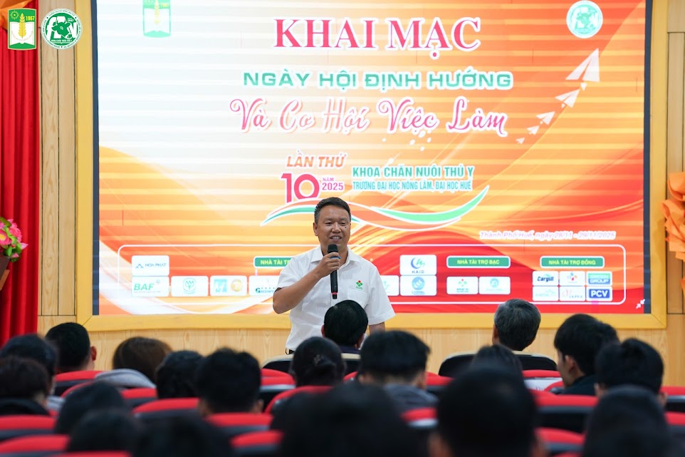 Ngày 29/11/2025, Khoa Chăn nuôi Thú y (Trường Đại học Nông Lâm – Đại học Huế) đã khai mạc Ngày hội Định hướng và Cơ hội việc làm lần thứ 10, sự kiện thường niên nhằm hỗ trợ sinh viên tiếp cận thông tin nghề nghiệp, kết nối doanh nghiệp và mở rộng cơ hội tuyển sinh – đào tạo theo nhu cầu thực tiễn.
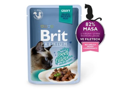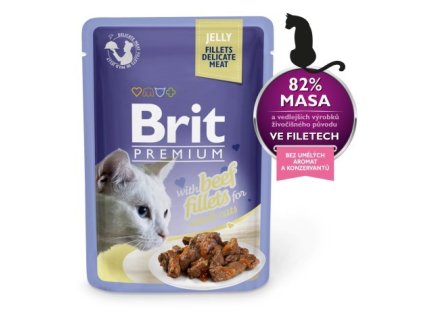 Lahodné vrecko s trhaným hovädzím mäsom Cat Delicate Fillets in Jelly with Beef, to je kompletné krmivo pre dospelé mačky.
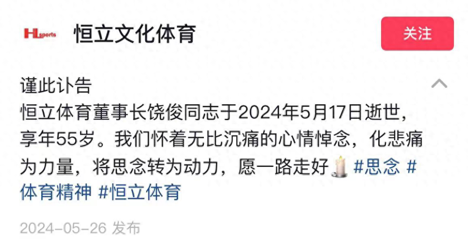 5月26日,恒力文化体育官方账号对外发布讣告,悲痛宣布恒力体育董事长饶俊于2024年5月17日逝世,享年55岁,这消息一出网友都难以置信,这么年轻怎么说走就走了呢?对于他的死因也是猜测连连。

§ **What you have to do**
Skip the pictures, then retype every line above exactly.

§ **Worked solution**
 Ngày 29/11/2025, Khoa Chăn nuôi Thú y (Trường Đại học Nông Lâm – Đại học Huế) đã khai mạc Ngày hội Định hướng và Cơ hội việc làm lần thứ 10, sự kiện thường niên nhằm hỗ trợ sinh viên tiếp cận thông tin nghề nghiệp, kết nối doanh nghiệp và mở rộng cơ hội tuyển sinh – đào tạo theo nhu cầu thực tiễn.
 Lahodné vrecko s trhaným hovädzím mäsom Cat Delicate Fillets in Jelly with Beef, to je kompletné krmivo pre dospelé mačky.
 5月26日,恒力文化体育官方账号对外发布讣告,悲痛宣布恒力体育董事长饶俊于2024年5月17日逝世,享年55岁,这消息一出网友都难以置信,这么年轻怎么说走就走了呢?对于他的死因也是猜测连连。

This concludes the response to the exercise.